The std::equal(b, e, b2) generic algorithm returns true if the values in the sequence starting at b2 are element-by-element equal to the values given in the iterator range (b, e) and returns false otherwise.

The search(b, e, b2, e2) generic algorithm returns true if the sequence of values indicated by the iterator range (b2, e2) appears somewhere in the sequence of values indicated by the iterator range (b, e) and returns false otherwise.

Assuming that both generic algorithms are implemented using the weakest possible iterator kinds, can both algorithms be implemented with the same kind of iterator? Explain.

The easiest way to answer this question is to look at the implementation of each of the algorithms:

equal(b, e, b2) while b != e if *b++ != *b2++ return false return true

search(b, e, b2, e2) while b != e i = b++ j = b2 found = true while i != e and j != e2 if *i++ != *j++ found = false break; if found return true return false

equal() uses r-value *, != and ++ on the iterators, which are all at least input iterators. search() uses all these operators and assignment too, which means the iterators must be at least forward iterators. Because the weakest iterators required in each algorithm are different, they can't be implemented using the same weakest iterator.

It turns out you can ahswer this question "yes" with the following implementation of search() using equal():

search(b, e, b2, e2)

  while b2 != e2
    if equal(b, e, b2)
      return true
    b2++

  return false

This code make use of the copy constructor rather than assignments to duplicate iterators. A copule of people mentioned this could be done, but didn't give details.
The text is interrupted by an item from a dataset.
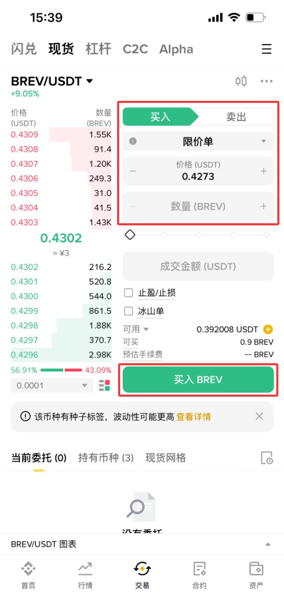 5、依次选择【限价单】-购买【价格】-购买【数量】-【成交数量】,设置好之后,点击【买入BREV】。
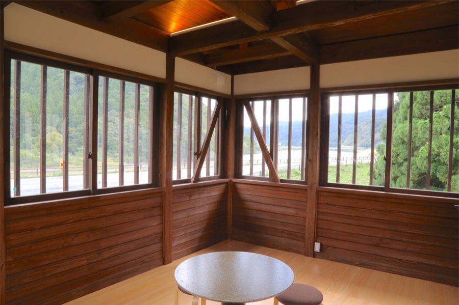 敷地内の船見番所からは最上川を眺められる。施設内で購入できるコーヒーをここで飲むのもおすすめ

Describe a test case in which the correct answer must have v2 equal to 0 in the min_3sort() return value; that is, describe a test case in which the wrong answer is any answer where v2 is not equal to 0.
For v2 = 0 to be the only correct answer, it must be that iv2 has the majority of numbers congruent to 0 modulo 3, because if iv2 doesn't have the majority, it will take fewer moves to have some vector hold all numbers congruent to 0 modulo 3. With this analysis, the simplest test case is
iv1: [ 1 ]
iv2: [ 0 ]
iv3: [ 2 ]

which requires no moves.
Almost everybody got this correct, but many answers were way more complicated then they needed to be.
Generally, a container will re-implement a generic algorithm when the container's iterator kind is too weak to be used by the algorithm. For example, the list container implements sort() member function because the sort() generic algorithm requires random iterators and the list iterators are only bidirectional.
The map container implements the find() member function, which has the same behavior as the find() generic algorithm. However, the find() generic algorithm requires input iterators, while the map iterators are the bidirectional. Why does map implement find() as a member function?
Map re-implements find() because it can do a more efficient job looking for values then can the generic std::find(). std::find() requires input iterators, which means it must use a linear search to look for values because input iterators can only go forward by one (++). Further, the sequence of values defined by the iterator range is unconstrained.
The map value sequence is stored in sorted order, which means that something more efficient than a linear search can be used to look for specific values. By using a tree traversal, the member function find() can locate a value (or not) in O(log n) time, rather than the O(n) time it takes for a linear search.
Way too many people got this wrong for a varity of reasons. Some got distracted by the bidirectional iterators, which had something to do with the answer but not everything.

This page last modified on 5 November 2002.